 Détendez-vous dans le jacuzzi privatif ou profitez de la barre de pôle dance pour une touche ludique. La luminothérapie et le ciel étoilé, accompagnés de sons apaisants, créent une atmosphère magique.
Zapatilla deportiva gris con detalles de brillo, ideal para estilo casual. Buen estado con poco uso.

════════════════════

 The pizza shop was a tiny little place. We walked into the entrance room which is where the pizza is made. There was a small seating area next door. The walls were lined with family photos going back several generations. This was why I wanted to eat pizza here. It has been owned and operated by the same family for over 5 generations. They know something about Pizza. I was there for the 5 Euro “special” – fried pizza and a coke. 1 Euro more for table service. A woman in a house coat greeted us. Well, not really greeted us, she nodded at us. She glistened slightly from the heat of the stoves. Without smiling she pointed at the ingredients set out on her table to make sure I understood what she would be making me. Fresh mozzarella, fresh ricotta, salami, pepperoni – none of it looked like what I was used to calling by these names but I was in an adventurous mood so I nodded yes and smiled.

════════════════════

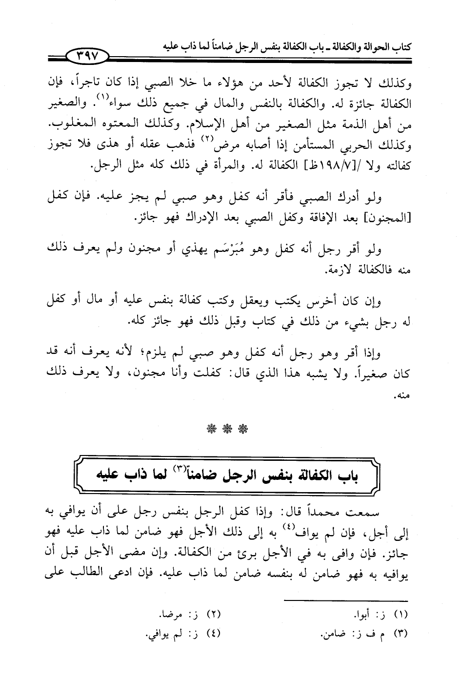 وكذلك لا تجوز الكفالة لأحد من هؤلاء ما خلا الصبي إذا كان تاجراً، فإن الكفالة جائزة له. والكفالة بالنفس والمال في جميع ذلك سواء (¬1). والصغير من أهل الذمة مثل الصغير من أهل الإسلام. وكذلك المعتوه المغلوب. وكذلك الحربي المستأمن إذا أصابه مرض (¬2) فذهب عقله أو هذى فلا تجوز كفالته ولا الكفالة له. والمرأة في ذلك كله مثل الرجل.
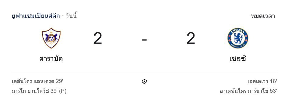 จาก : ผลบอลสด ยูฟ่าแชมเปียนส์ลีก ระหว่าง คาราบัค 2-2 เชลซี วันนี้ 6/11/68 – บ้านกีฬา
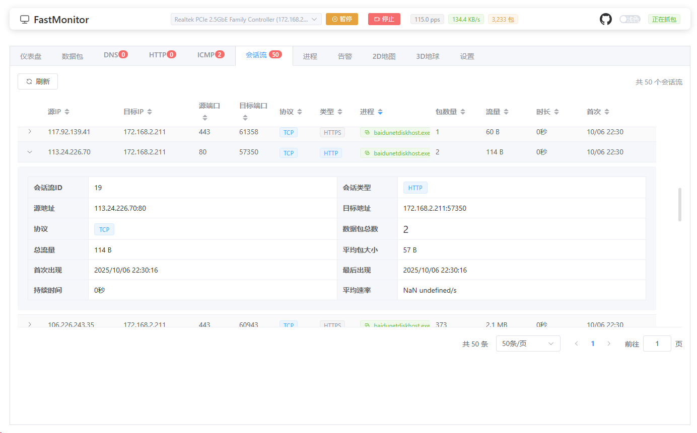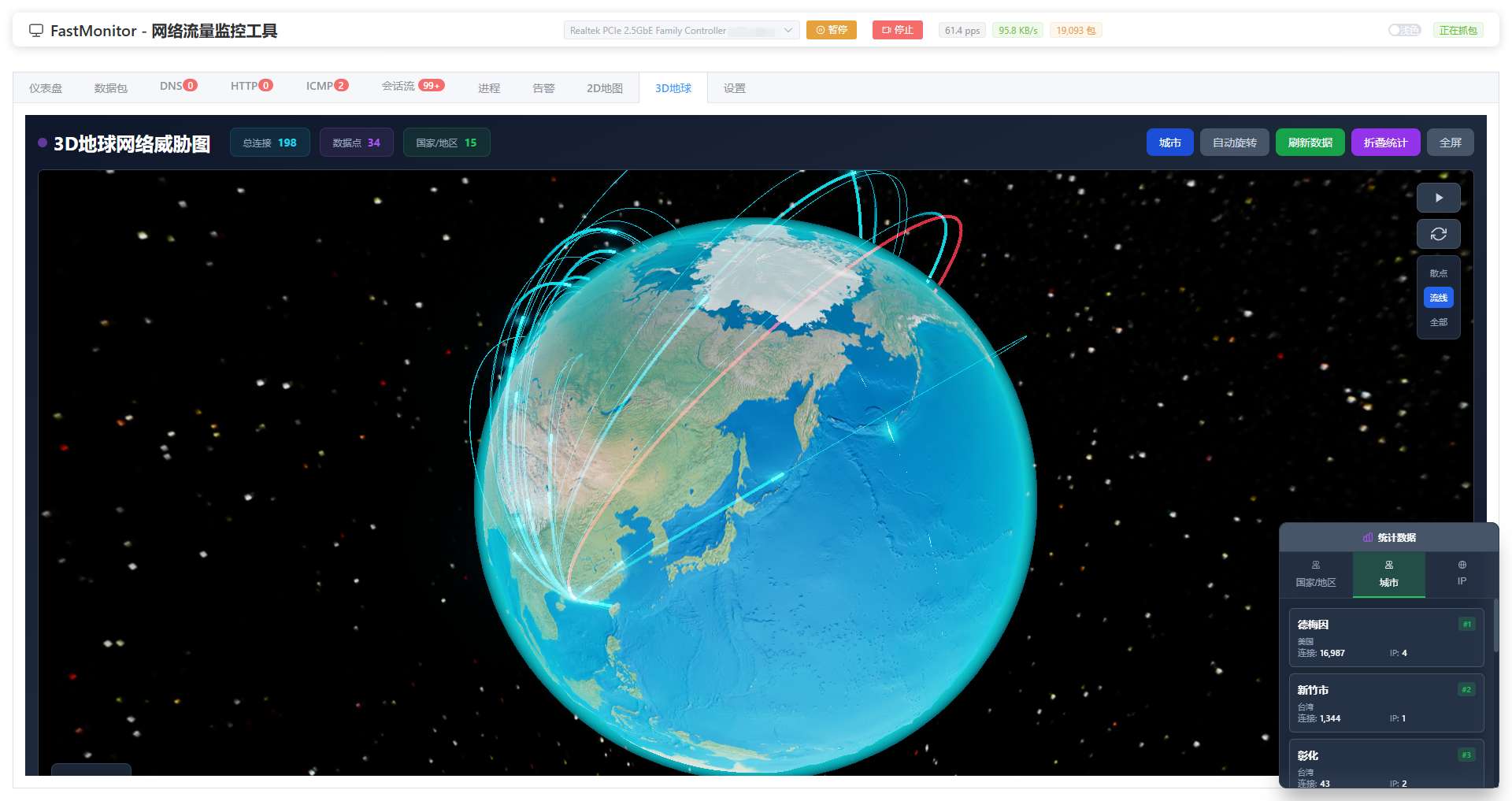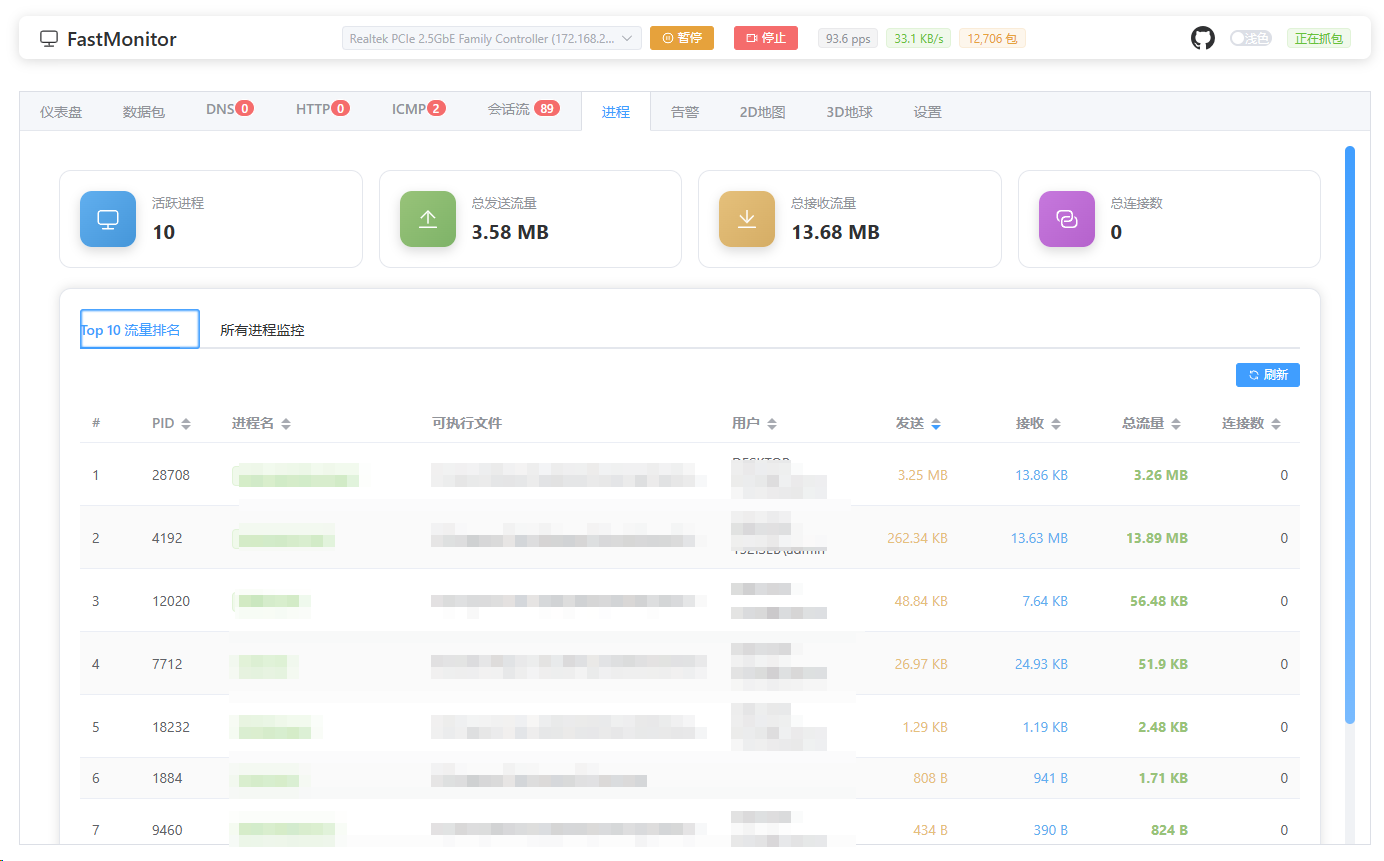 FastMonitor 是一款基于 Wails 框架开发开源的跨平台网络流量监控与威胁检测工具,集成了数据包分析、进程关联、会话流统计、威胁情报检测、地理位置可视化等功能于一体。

════════════════════

▶ _Your task_
Reproduce verbatim only the segment of the listing bounded by the line containing "Détendez-vous dans le" and the line containing "Zapatilla deportiva gris", with both boundary lines included.

▶ _Task result_
 Détendez-vous dans le jacuzzi privatif ou profitez de la barre de pôle dance pour une touche ludique. La luminothérapie et le ciel étoilé, accompagnés de sons apaisants, créent une atmosphère magique.
Zapatilla deportiva gris con detalles de brillo, ideal para estilo casual. Buen estado con poco uso.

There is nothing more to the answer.